(Items from a dataset)
⟨

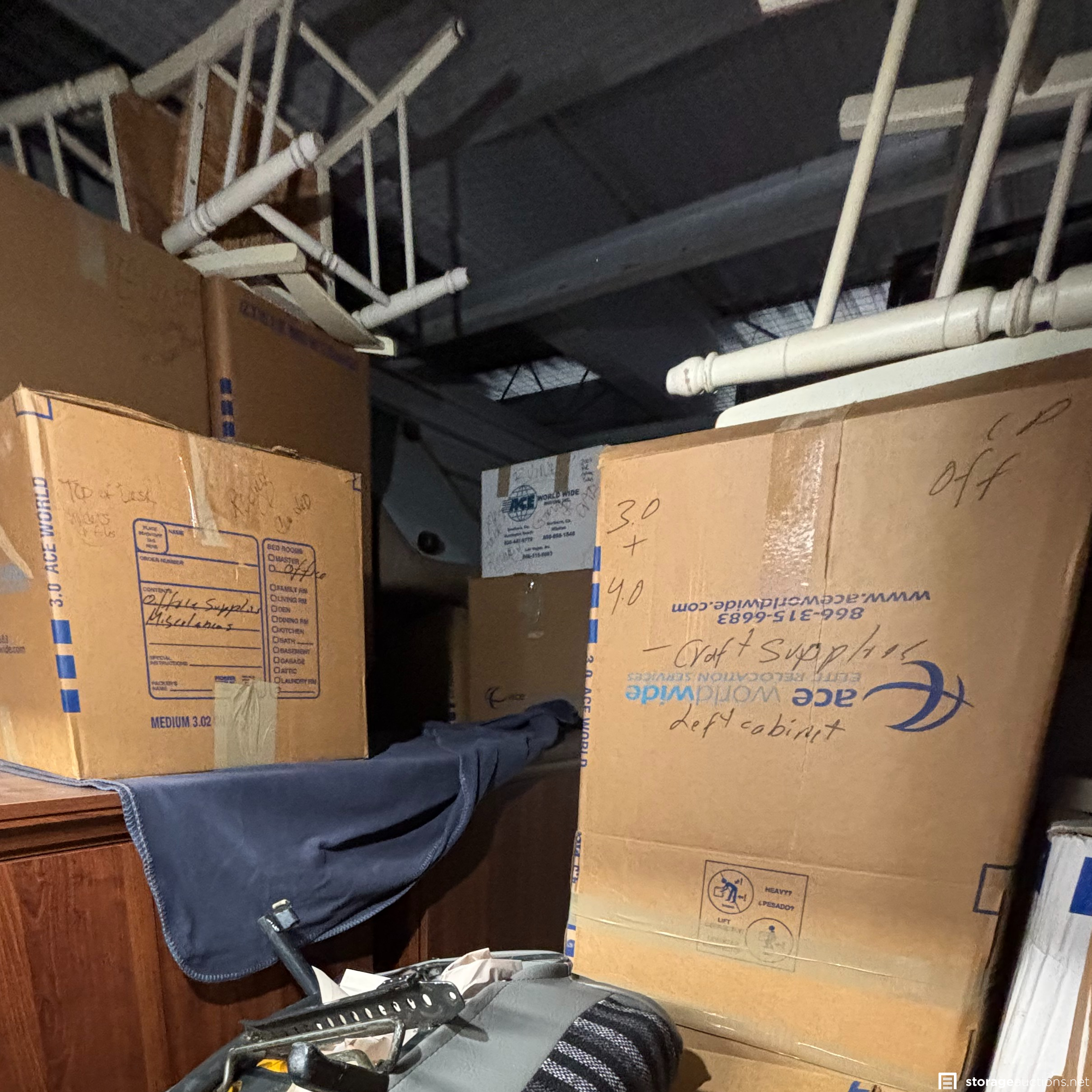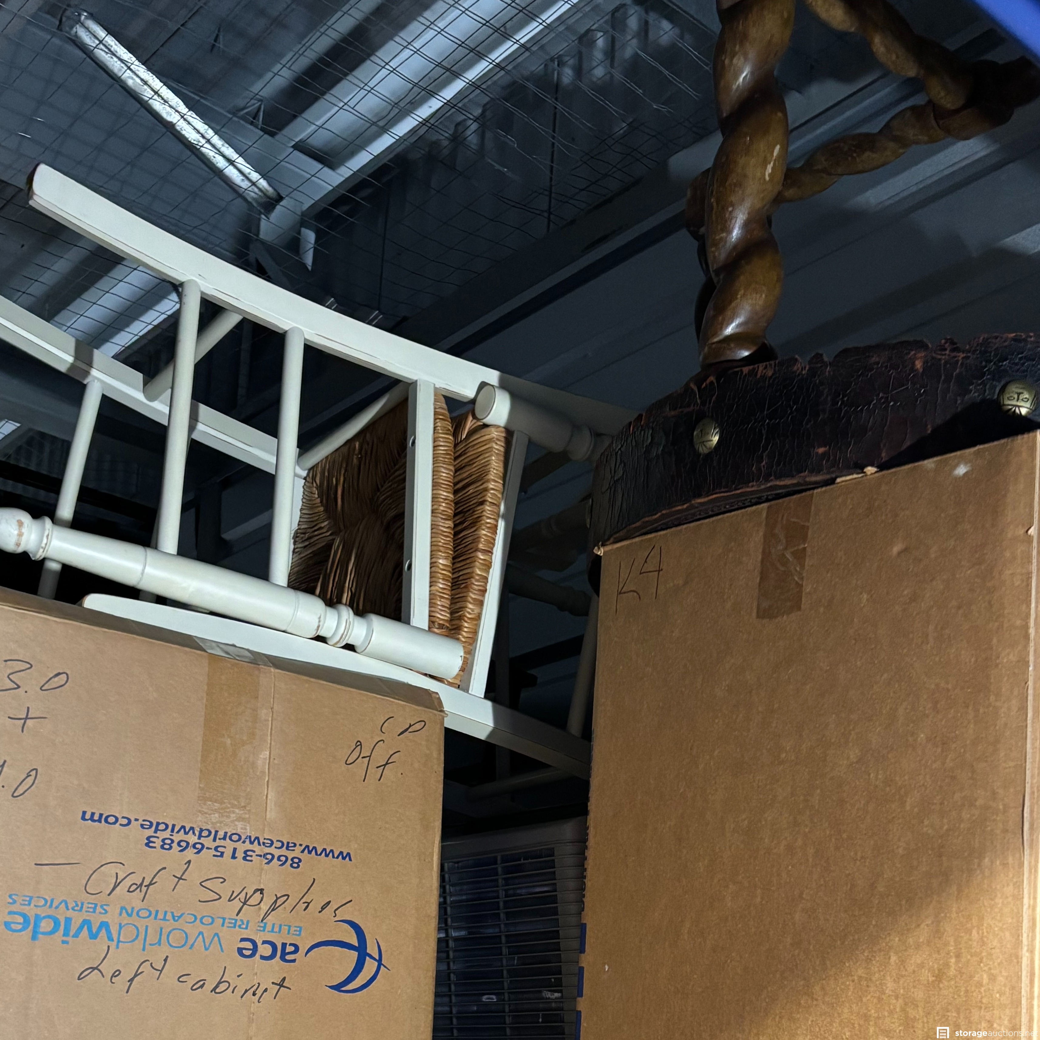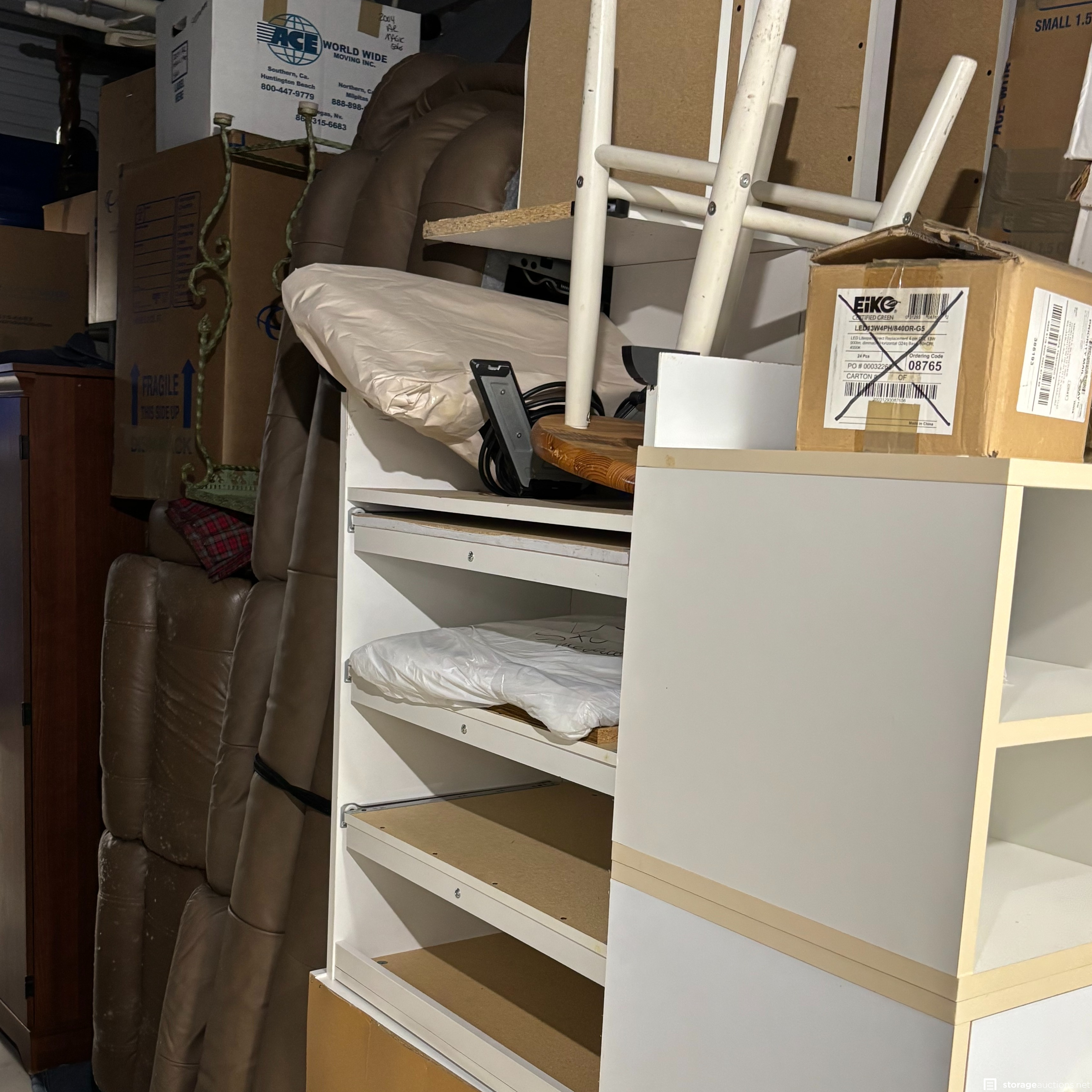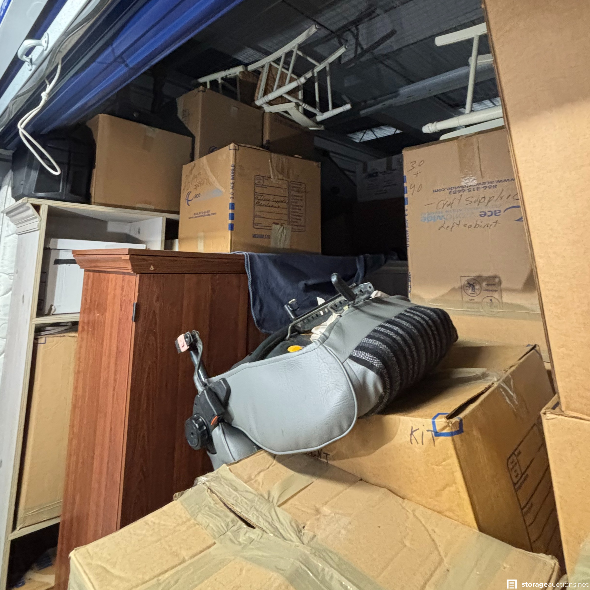 The storage unit appears to contain miscellaneous household goods, furniture, mattress, refrigerator, and miscellaneous containers of unknown content.
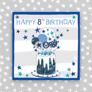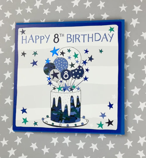 8th Birthday Boy. Foiled with silver. Supplied with a blue envelope.
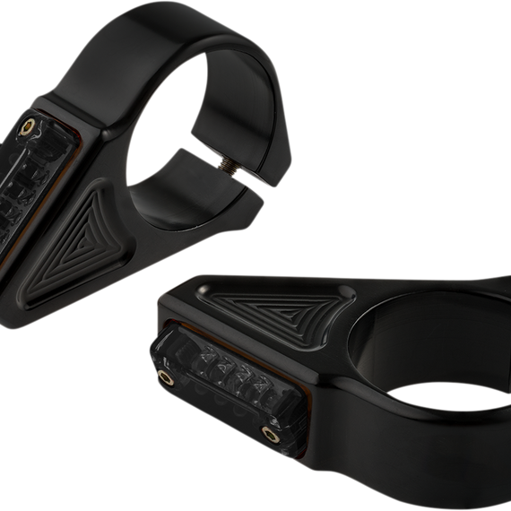 Caracteristicas: CNC machined from solid blocks of T6-6061 billet aluminum Pitch bolt mounting design for a clean look Can be mounted either inward or outward of the fork tubes Super bright amber LED lights; 1-1/2" wide, 1/2" tall Lights are set a 25 degree angle for standard HD forks Made in the USA
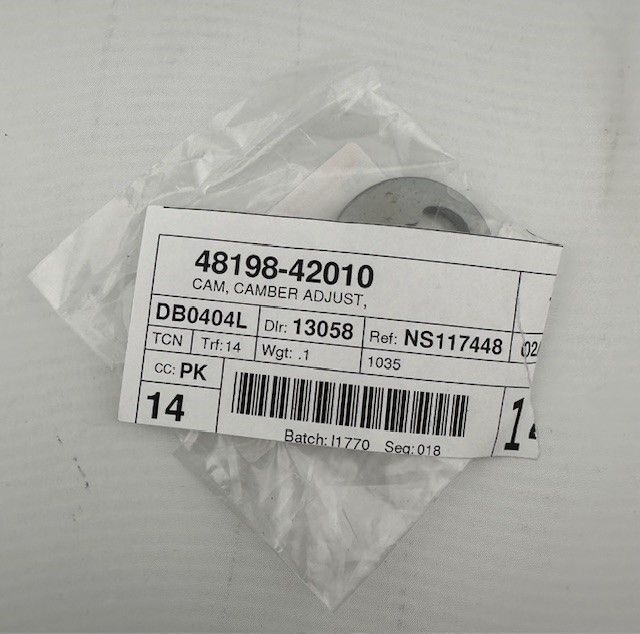 Ensure precise alignment of your vehicle's suspension system with this genuine Lower Arm Adjust Cam (48198-42010). Engineered to exact specifications, this replacement cam allows for fine adjustment of the lower control arm, optimizing wheel alignment for improved handling and tire wear.
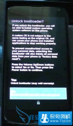 问你确定解锁bootloader? 用音量加减选择,电源键确认。 选到Yes等待软件界面显示ok后,表示你解锁成功了
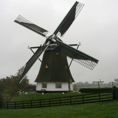 Poldermolen. Noordzijde van de Akkersloot bij Rijpwetering. Achtkantige, houten molen, met riet gedekt, op stenen voet, gedateerd 1793.
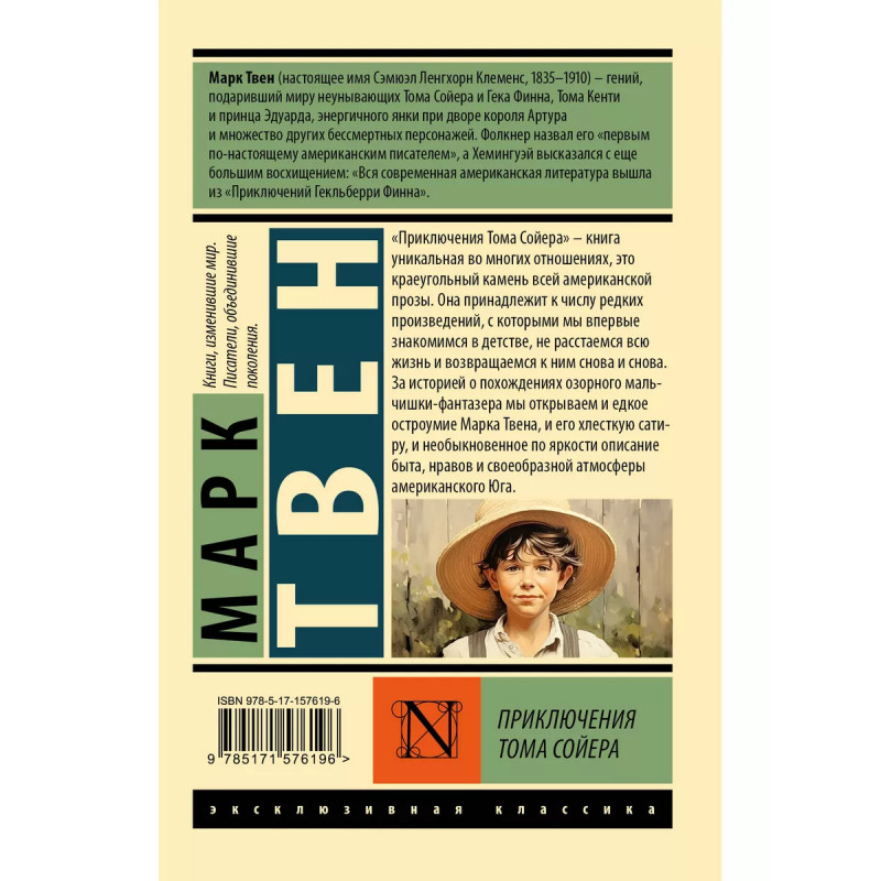 Приключения Тома Сойера. "Приключения Тома Сойера" - книга уникальная во многих отношениях, это краеугольный камень все американской прозы. Она принадлежит к числу редких произведений, с которыми мы впервые знакомимся с детстве, не расстаемся всю жизнь и возращаемся к ним снова и снова. За историей о похождениях озорного мальчишки-фантазера мы открываем едкое остроумие Марка Твена, и его хлесткую сатиру, и необыкновенное по яркости описание быта, нравов и своеобразной атмосферы американского Юга.
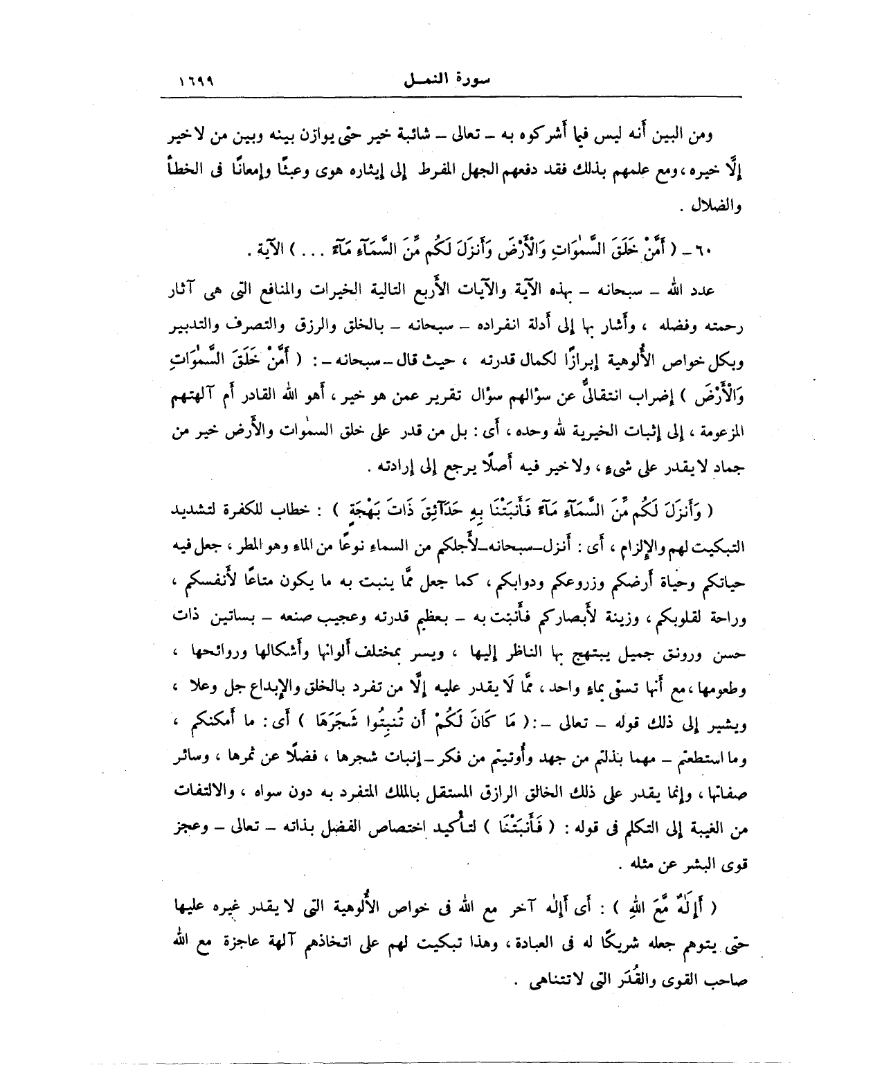 60 - {أَمَّنْ خَلَقَ السَّمَاوَاتِ وَالْأَرْضَ وَأَنْزَلَ لَكُمْ مِنَ السَّمَاءِ مَاءً ... } الآية.

⟩

INSTRUCTIONS FOR THE TASK → Return exactly the stretch above whose first line contains "Caracteristicas: CNC machined" and whose last line contains "Poldermolen. Noordzijde van", and nothing outside it. The pictures should not appear.

RESULT OF THE TASK →
 Caracteristicas: CNC machined from solid blocks of T6-6061 billet aluminum Pitch bolt mounting design for a clean look Can be mounted either inward or outward of the fork tubes Super bright amber LED lights; 1-1/2" wide, 1/2" tall Lights are set a 25 degree angle for standard HD forks Made in the USA
 Ensure precise alignment of your vehicle's suspension system with this genuine Lower Arm Adjust Cam (48198-42010). Engineered to exact specifications, this replacement cam allows for fine adjustment of the lower control arm, optimizing wheel alignment for improved handling and tire wear.
 问你确定解锁bootloader? 用音量加减选择,电源键确认。 选到Yes等待软件界面显示ok后,表示你解锁成功了
 Poldermolen. Noordzijde van de Akkersloot bij Rijpwetering. Achtkantige, houten molen, met riet gedekt, op stenen voet, gedateerd 1793.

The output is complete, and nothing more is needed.